Um neue E-Mailadressen anzulegen müsstest du schauen, welcher maildaemon auf dem Server läuft und dann im entsprechenden Manual nachschlagen, wie es geht.


----------



## selle1 (17. Mai 2007)

Ok,

was ist denn günstig für so einen Server. Denn bei "normalen" Providern gibt es ja auch Server ab 140.- Euro/Monat oder liege ich da falsch? Falls ich eine Benutzeroberfläche möchte, was würde das denn kosten, denn ich habe keine Ahnung von Servern und Linux schon gar nicht.


----------



## Flex (17. Mai 2007)

Dann sollte man sich auf keinen Fall für einen Root Server entscheiden, sondern für einen sogenannten Managed Server.

Denn ein Rootserver braucht einen fähigen Administrator, der sich mit der Materie auskennt. Sonst endet er schnell als OpenRelay für Spam oder findet sich in einem Botnetz wieder.

All-inkl.com bietet z.
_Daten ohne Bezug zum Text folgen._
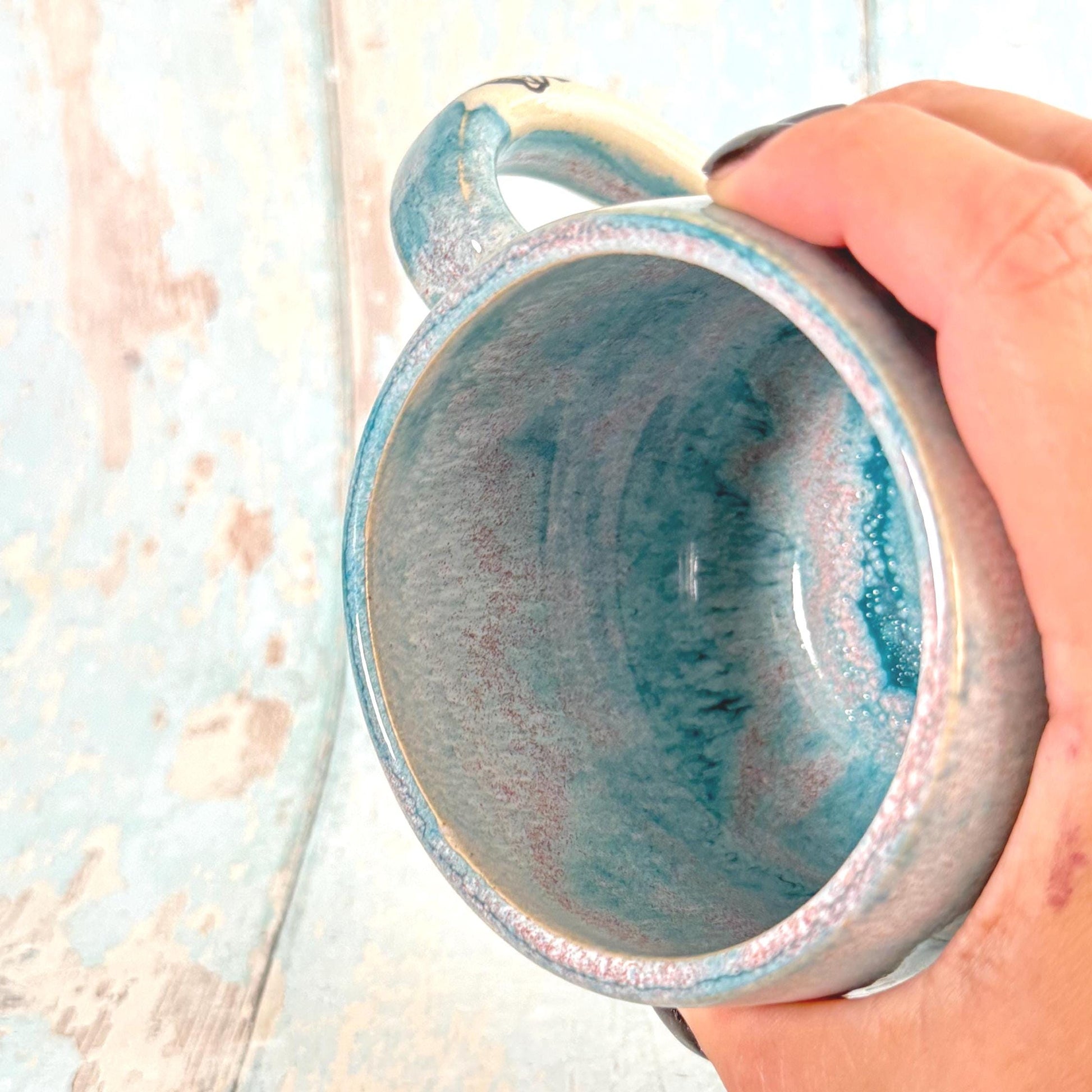 Turquoise Skull Mug, Handmade Ceramic Cup

B. ManagedServer an, genau wie die meisten Anderen.

Du könntest auch bei den "Großen" vorbeischauen, also Strato, 1&1 und Konsorten.

Ein auf Server spezialisierter Anbieter, von dem ich bisher auch viel Gutes gehört habe, ist z. B. hetzner.de.


----------



## selle1 (17. Mai 2007)

Ok,
dann noch eine letzte Frage:

Auf dem Server läuft php und ein leeres cgi-bin ordner ist vorhanden Kann ich davon ausgehen, dass ich ein cgi oder php Mailformular installieren kann das läuft oder muss da noch etwas installiert/eingestellt werden?


----------



## Flex (17. Mai 2007)

Sofern PHP läuft und ordnungsgemäß funktioniert (kann z. B. mit [phpf]phpinfo[/phpf] geprüft werden) solltest du auch ein Mailscript installieren können.

Du könntest es ja einfach mal testen und ggf. hier Fragen stellen.

Interessant in diesem Fall wären dann natürlich die Log Dateien von PHP, Apache und dem Maildaemon.


----------



## selle1 (17. Mai 2007)

Vielen Dank, dann versuche ich es mal und melde mich bei Fragen.
Wenn ich nicht weiterkomme, gibt es sicherlich hier jemanden, der gegen Entgelt auch das für mich erledigen könnte?


----------



## Flex (17. Mai 2007)

Da findet sich bestimmt jemand. Dafür gibt es weiter unten ja die Jobbörse.


----------



## selle1 (17. Mai 2007)

Vielen Dank


----------